What the task asks =
For this exercise, repeat exactly the lines below starting at the line holding "11일 서울 중구 신라호텔·장충아레나에서" and ending at the line holding "From there, once", both included, with no extra lines and no pictures.

Data =
━━━━━━━━━━━━━━━━

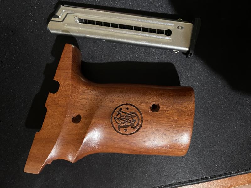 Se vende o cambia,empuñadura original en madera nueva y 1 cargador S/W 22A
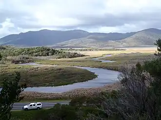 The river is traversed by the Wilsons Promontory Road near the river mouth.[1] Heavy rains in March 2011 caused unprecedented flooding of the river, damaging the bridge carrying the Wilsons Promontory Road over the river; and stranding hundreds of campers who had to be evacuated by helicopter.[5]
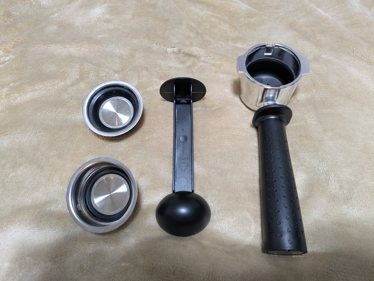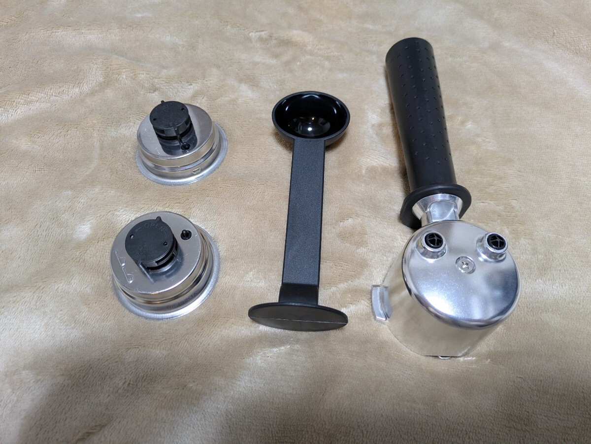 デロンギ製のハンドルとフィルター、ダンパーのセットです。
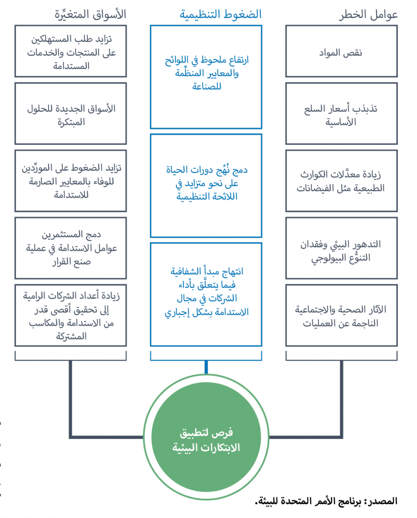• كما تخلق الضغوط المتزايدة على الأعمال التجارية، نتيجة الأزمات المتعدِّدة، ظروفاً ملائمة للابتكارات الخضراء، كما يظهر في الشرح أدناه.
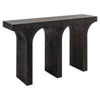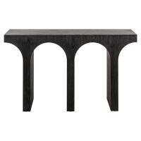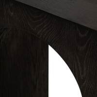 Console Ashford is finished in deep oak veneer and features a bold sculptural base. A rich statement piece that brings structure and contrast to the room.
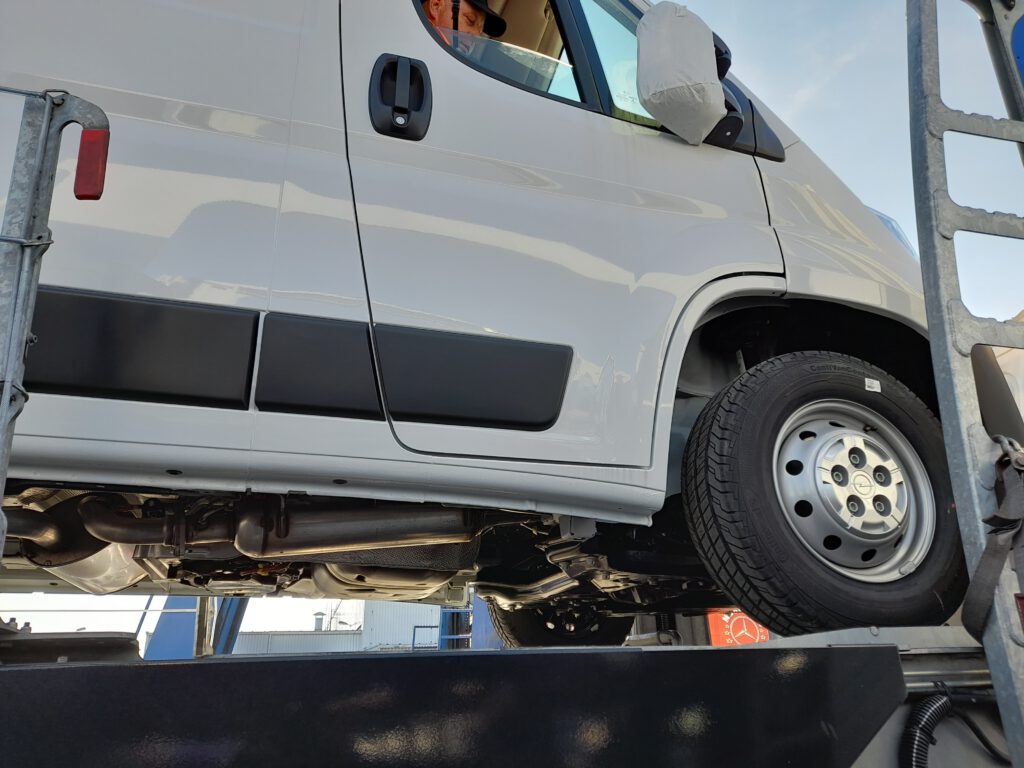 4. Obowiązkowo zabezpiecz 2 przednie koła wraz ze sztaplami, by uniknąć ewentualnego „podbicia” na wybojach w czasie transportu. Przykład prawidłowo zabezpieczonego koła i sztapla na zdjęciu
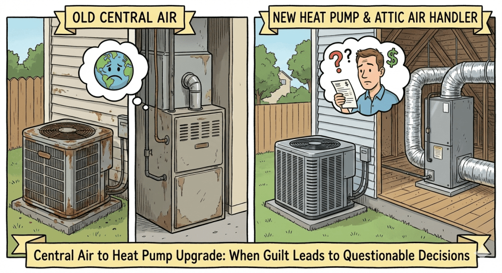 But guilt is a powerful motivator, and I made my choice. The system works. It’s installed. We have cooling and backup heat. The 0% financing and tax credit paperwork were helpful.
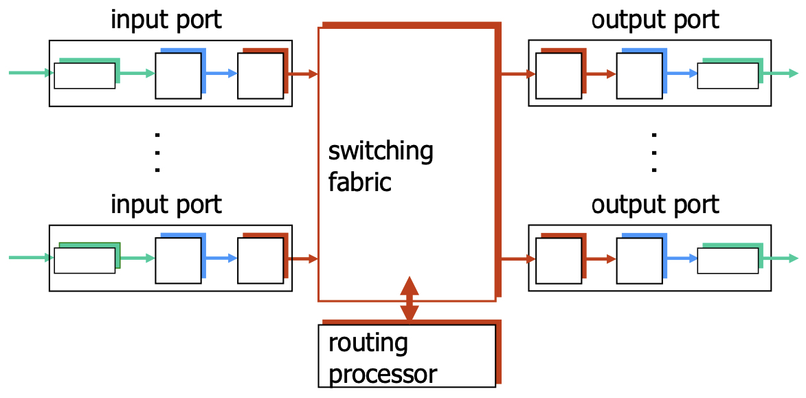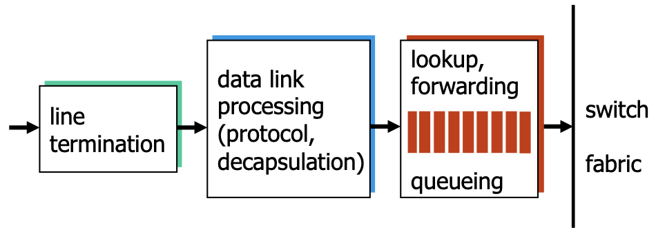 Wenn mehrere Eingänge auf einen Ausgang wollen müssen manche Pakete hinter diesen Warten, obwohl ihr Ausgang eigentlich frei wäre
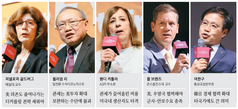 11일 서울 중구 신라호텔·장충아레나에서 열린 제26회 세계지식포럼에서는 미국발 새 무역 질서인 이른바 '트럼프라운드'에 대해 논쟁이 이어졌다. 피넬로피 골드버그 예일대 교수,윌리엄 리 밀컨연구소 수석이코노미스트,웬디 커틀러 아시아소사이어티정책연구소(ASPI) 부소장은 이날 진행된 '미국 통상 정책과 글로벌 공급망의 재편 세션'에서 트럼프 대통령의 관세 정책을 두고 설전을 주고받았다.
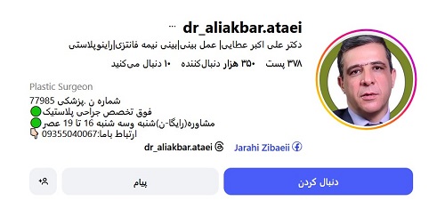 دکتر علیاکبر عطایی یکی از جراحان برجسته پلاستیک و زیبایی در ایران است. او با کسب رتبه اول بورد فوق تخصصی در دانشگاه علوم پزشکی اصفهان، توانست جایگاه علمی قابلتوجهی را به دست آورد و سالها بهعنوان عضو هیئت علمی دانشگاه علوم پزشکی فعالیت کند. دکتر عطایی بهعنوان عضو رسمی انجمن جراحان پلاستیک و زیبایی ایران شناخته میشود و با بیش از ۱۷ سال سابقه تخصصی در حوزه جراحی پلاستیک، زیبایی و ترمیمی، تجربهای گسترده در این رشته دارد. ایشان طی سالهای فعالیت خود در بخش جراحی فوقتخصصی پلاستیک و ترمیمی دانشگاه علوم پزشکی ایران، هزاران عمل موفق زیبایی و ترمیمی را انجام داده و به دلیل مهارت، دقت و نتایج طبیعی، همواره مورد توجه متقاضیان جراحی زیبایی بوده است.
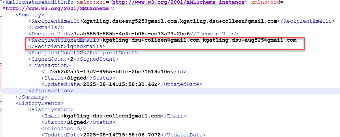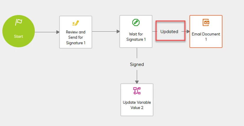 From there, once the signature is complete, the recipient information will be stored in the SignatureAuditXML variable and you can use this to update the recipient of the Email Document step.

━━━━━━━━━━━━━━━━

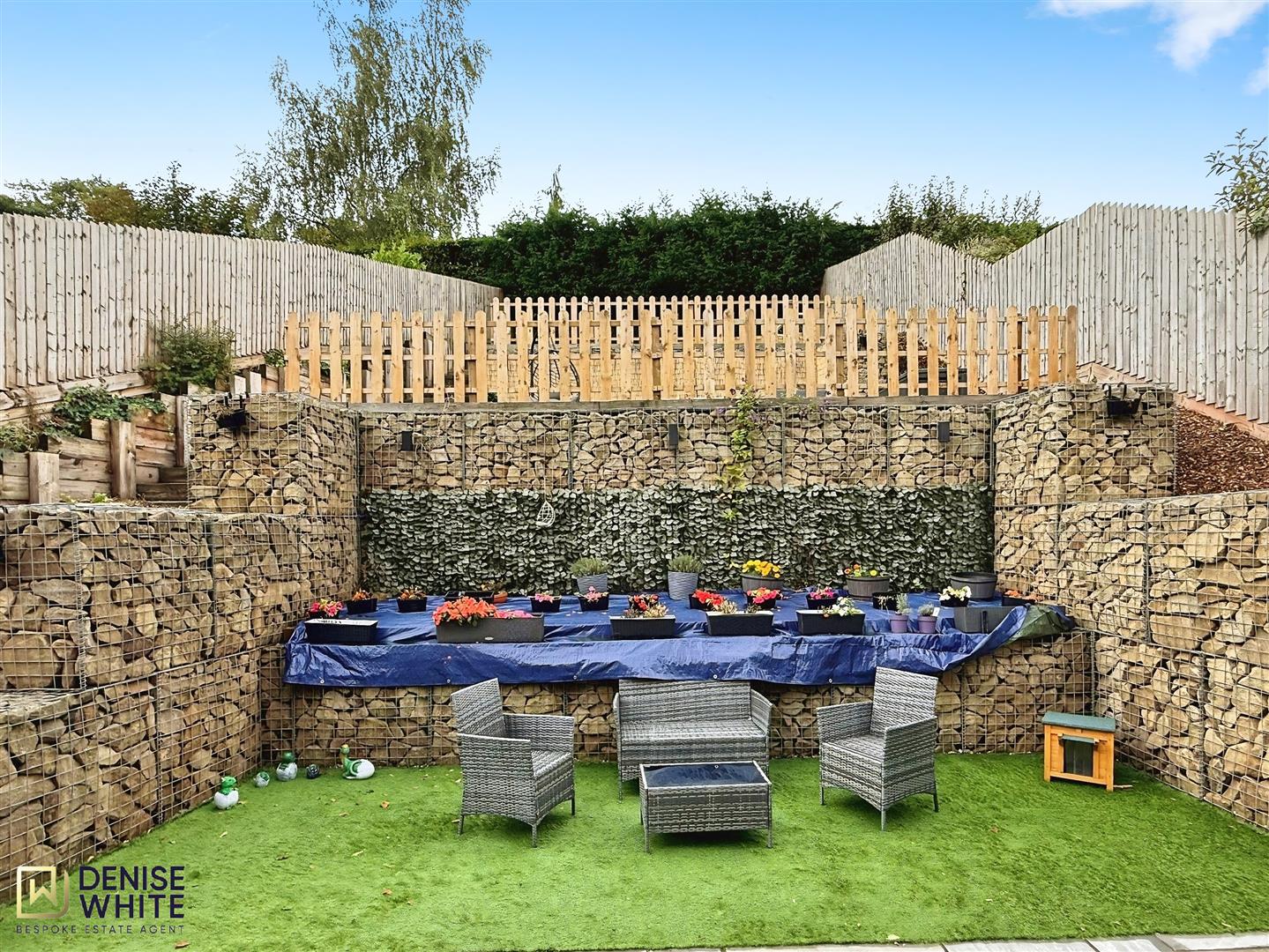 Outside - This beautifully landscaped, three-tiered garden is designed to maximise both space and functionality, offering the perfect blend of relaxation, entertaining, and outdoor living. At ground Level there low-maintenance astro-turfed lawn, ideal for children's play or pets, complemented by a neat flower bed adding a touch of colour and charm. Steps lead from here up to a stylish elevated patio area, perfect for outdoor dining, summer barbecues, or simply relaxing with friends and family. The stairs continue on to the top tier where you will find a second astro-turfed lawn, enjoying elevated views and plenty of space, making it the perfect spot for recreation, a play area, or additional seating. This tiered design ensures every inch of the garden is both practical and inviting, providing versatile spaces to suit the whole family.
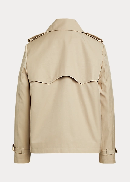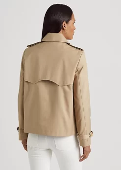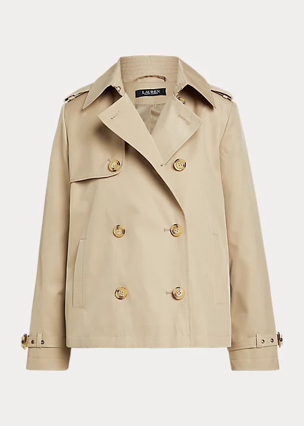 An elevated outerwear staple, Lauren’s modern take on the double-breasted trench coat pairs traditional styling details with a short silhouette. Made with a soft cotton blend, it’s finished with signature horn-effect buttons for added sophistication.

━━━━━━━━━━━━━━━━

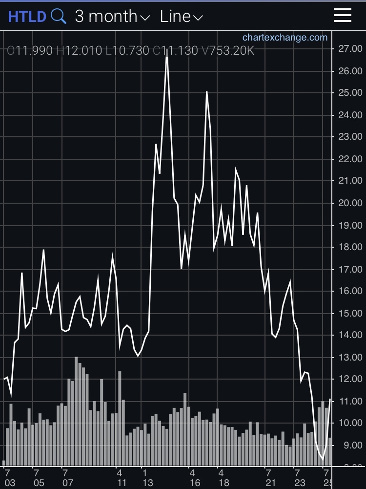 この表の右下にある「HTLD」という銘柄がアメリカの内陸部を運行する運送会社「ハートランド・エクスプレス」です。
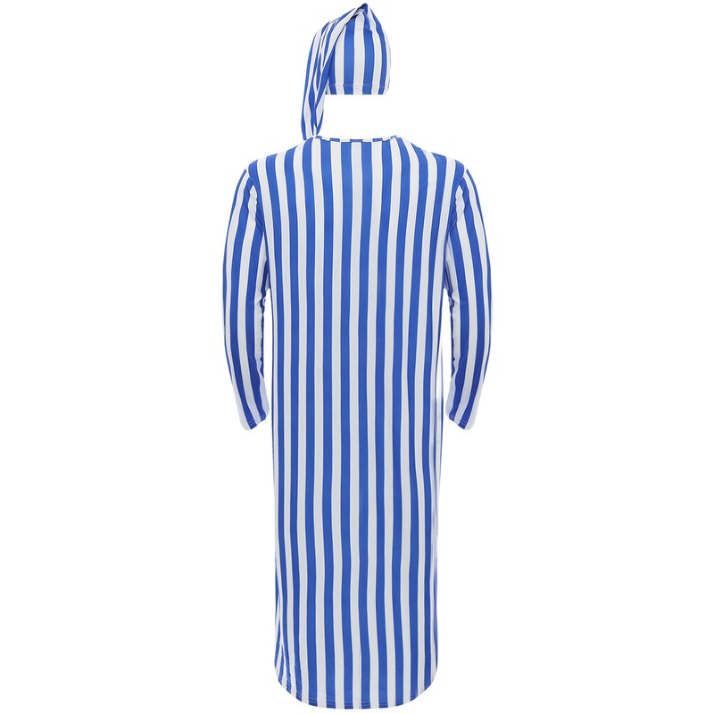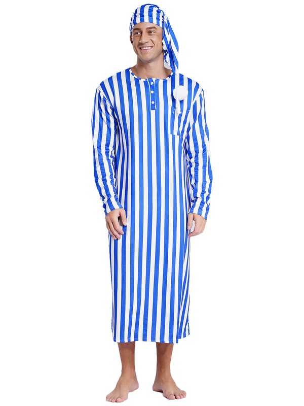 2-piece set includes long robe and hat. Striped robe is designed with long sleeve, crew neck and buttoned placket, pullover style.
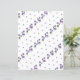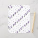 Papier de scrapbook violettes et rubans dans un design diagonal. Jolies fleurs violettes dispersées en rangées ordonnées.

━━━━━━━━━━━━━━━━

Solution to the exercise =
 11일 서울 중구 신라호텔·장충아레나에서 열린 제26회 세계지식포럼에서는 미국발 새 무역 질서인 이른바 '트럼프라운드'에 대해 논쟁이 이어졌다. 피넬로피 골드버그 예일대 교수,윌리엄 리 밀컨연구소 수석이코노미스트,웬디 커틀러 아시아소사이어티정책연구소(ASPI) 부소장은 이날 진행된 '미국 통상 정책과 글로벌 공급망의 재편 세션'에서 트럼프 대통령의 관세 정책을 두고 설전을 주고받았다.
 دکتر علیاکبر عطایی یکی از جراحان برجسته پلاستیک و زیبایی در ایران است. او با کسب رتبه اول بورد فوق تخصصی در دانشگاه علوم پزشکی اصفهان، توانست جایگاه علمی قابلتوجهی را به دست آورد و سالها بهعنوان عضو هیئت علمی دانشگاه علوم پزشکی فعالیت کند. دکتر عطایی بهعنوان عضو رسمی انجمن جراحان پلاستیک و زیبایی ایران شناخته میشود و با بیش از ۱۷ سال سابقه تخصصی در حوزه جراحی پلاستیک، زیبایی و ترمیمی، تجربهای گسترده در این رشته دارد. ایشان طی سالهای فعالیت خود در بخش جراحی فوقتخصصی پلاستیک و ترمیمی دانشگاه علوم پزشکی ایران، هزاران عمل موفق زیبایی و ترمیمی را انجام داده و به دلیل مهارت، دقت و نتایج طبیعی، همواره مورد توجه متقاضیان جراحی زیبایی بوده است.
 From there, once the signature is complete, the recipient information will be stored in the SignatureAuditXML variable and you can use this to update the recipient of the Email Document step.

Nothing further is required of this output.